The Open Journal of Astrophysics (May 2024)
Neural style transfer of weak lensing mass maps
Abstract
We propose a new generative model of projected cosmic mass density maps inferred from weak gravitational lensing observations of distant galaxies (weak lensing mass maps). We construct the model based on a neural style transfer so that it can transform Gaussian weak lensing mass maps into deeply non-Gaussian counterparts as predicted in ray-tracing lensing simulations. We develop an unpaired image-to-image translation method with Cycle-Consistent Generative Adversarial Networks (Cycle GAN), which learn efficient mapping from an input domain to a target domain. Our model is designed to enjoy important advantages; it is trainable with no need for paired simulation data, flexible to make the input domain visually meaningful, and expandable to rapidly-produce a map with a larger sky coverage than training data without additional learning.
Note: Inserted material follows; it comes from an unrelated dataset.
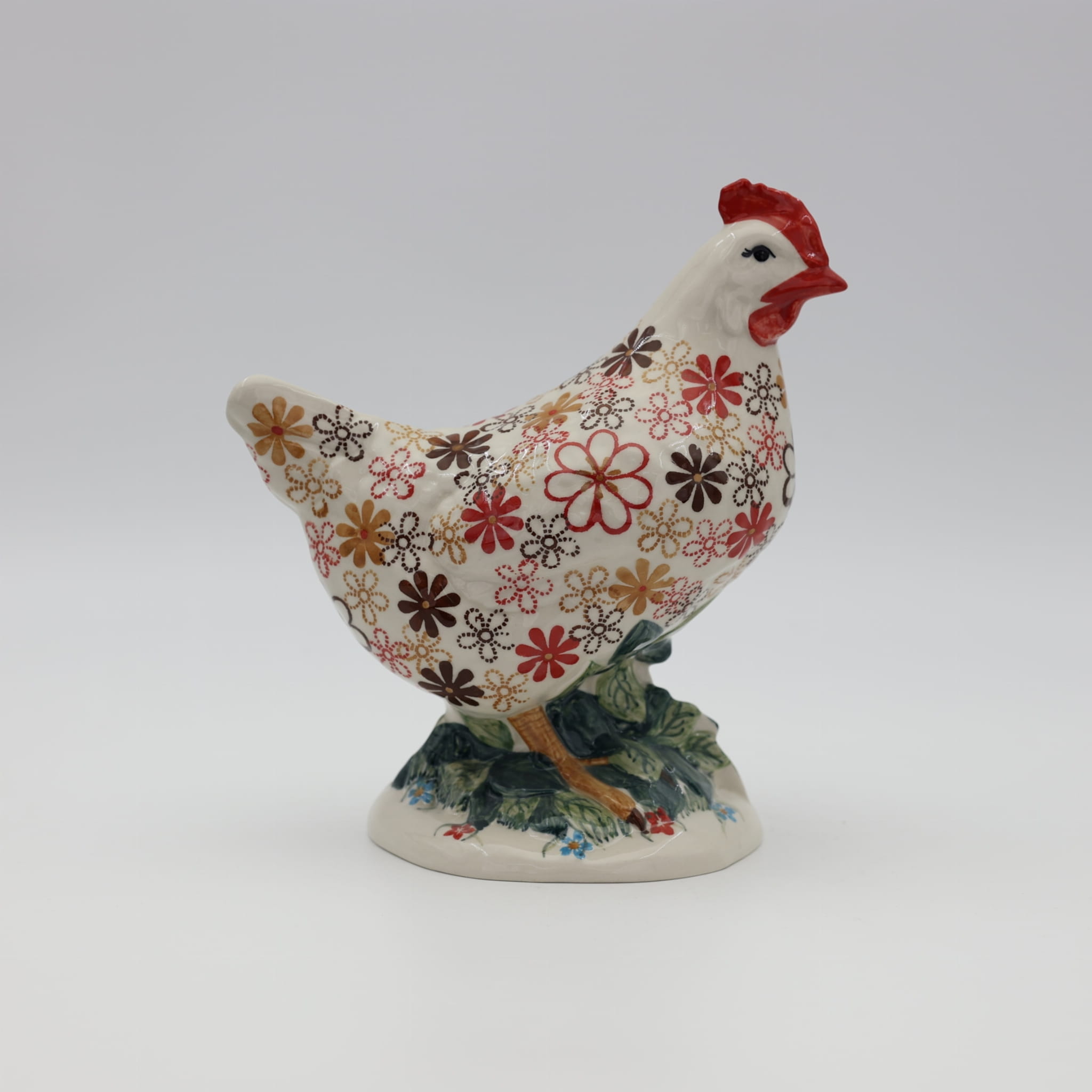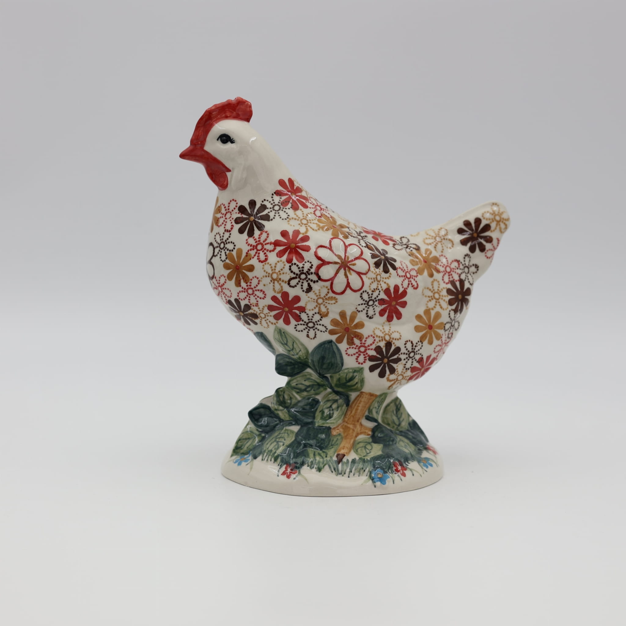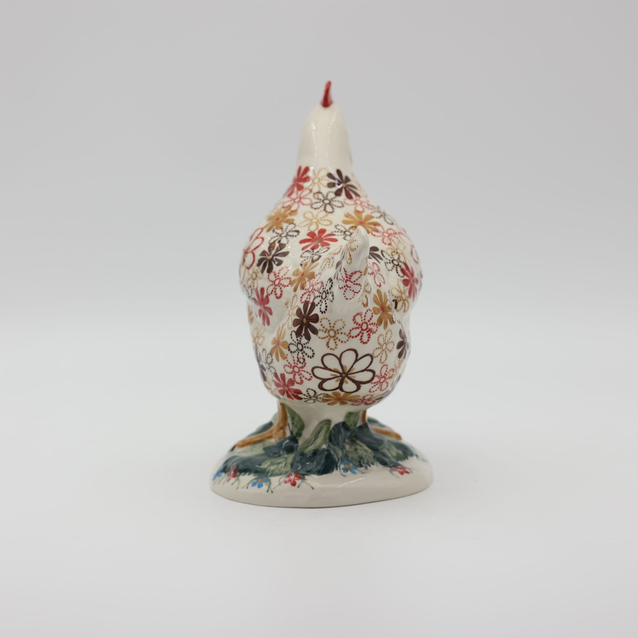 Ożyw swój dom i ogród wyjątkową kurą ceramiczną z Bolesławca, zdobioną tradycyjną metodą stempelkową. Każda figurka to unikalne dzieło sztuki, ręcznie malowane przez utalentowanych artystów, którzy tworzą bogate, kolorowe wzory inspirowane naturą. Nasza kura zachwyca detalami – pełna wiosennych kwiatów, barwnych akcentów i wielkanocnych zdobień, stanie się niepowtarzalnym elementem Twojej świątecznej aranżacji.
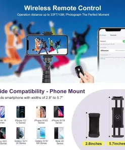 Universal Phone Holder: The tripod features a universal phone holder with adjustable width, ensuring a secure fit for various smartphone models. It allows users to rotate their phones horizontally or vertically to capture landscape or portrait shots.

Using 10,000 lensing simulations, we find that appropriate labeling of training data based on field variance allows the model to reproduce a correct scatter in summary statistics for weak lensing mass maps. Compared with a popular log-normal model, our model improves in predicting the statistical natures of three-point correlations and local properties of rare high-density regions. We also demonstrate that our model enables us to produce a continuous map with a sky coverage of $\sim166\, \mathrm{deg}^2$ but similar non-Gaussian features to training data covering $\sim12\, \mathrm{deg}^2$ in a GPU minute. Hence, our model can be beneficial to massive productions of synthetic weak lensing mass maps, which is of great importance in future precise real-world analyses.